I, like you, have bought some 20 yrs ago overland diesels and have never put them on a layout or even a test track. I was more interested at the time, as I was into HO, to have mantle pieces to just look at. Just the bulk of O was so enjoyable and buying a piece a year was managable at the time.
We moved and the new house wasn't big either but had land so I got an old office trailer, 11x 40 and started a HO layout in it. I had so much trouble with the rails expanding and contracting I gave up as I wasn't living in it to wish to keep the temp. even at say 75'. That was about the time I decided to try O scale as the rail wasn't as tempermental as HO and I could leave a little space between the rail joints for the expansion. The O scale wheels would be able to ride over the gaps easier than the HO.

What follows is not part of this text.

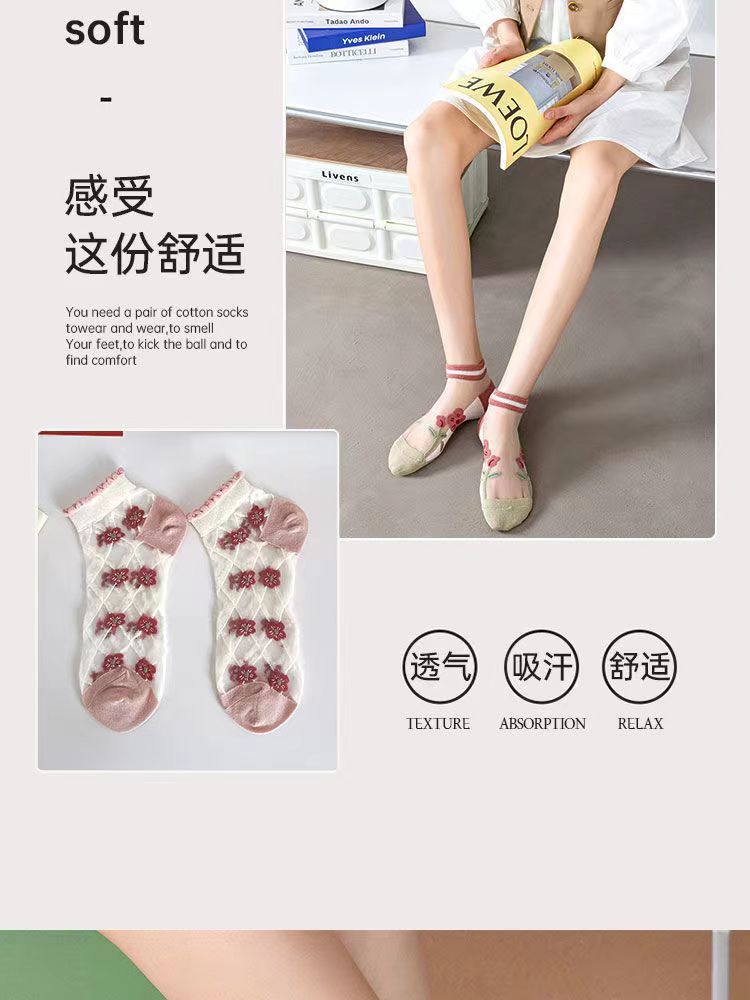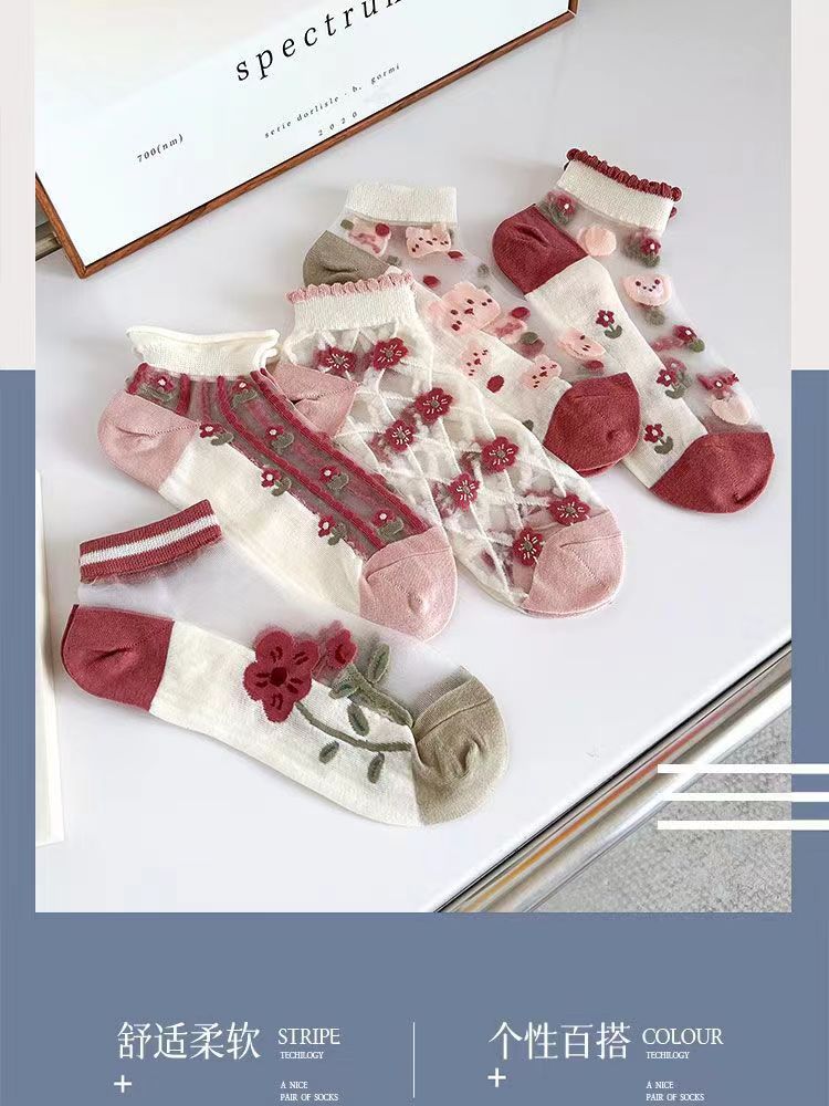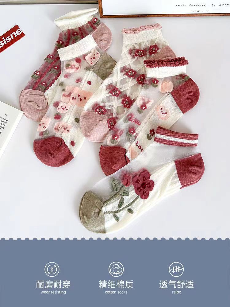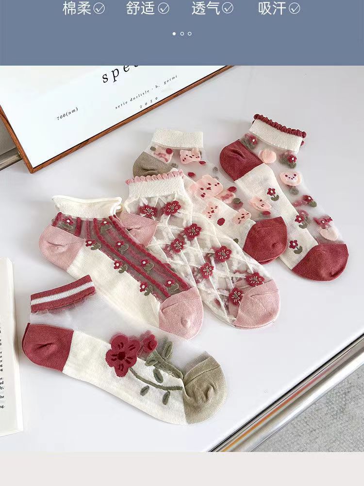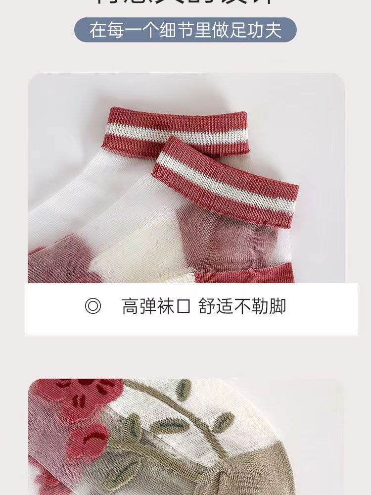 【19.9抢五双!卡丝花朵短袜】夏季薄款猫咪花朵水晶玻璃丝,活性印染拒绝掉色,透气吸汗不闷热,花边甜美网红袜子女短筒袜QQ

So, I ripped up the HO track and in its place putting O scale track using the same framing. The hardest part in all this is to get a grasp on the dimensions of scale, just how much one can use the space and with O, it ain't much. 40 ft. with a turn around at each end leaves less than 30ft. or about a train of 20 cars on one side of the room. One can get dizzy going around an around following his trains as I liked mainline running.
BUt back to the Overland, I'd be a buyer of 1 or 2 more in the future at the right price especially some newer 3rd gen GE units.
But since you mentioned the overland question I need to unpack them from their green boxes and take a look at my 2 U50s and one SD 40-2. A nice something to do this weekend.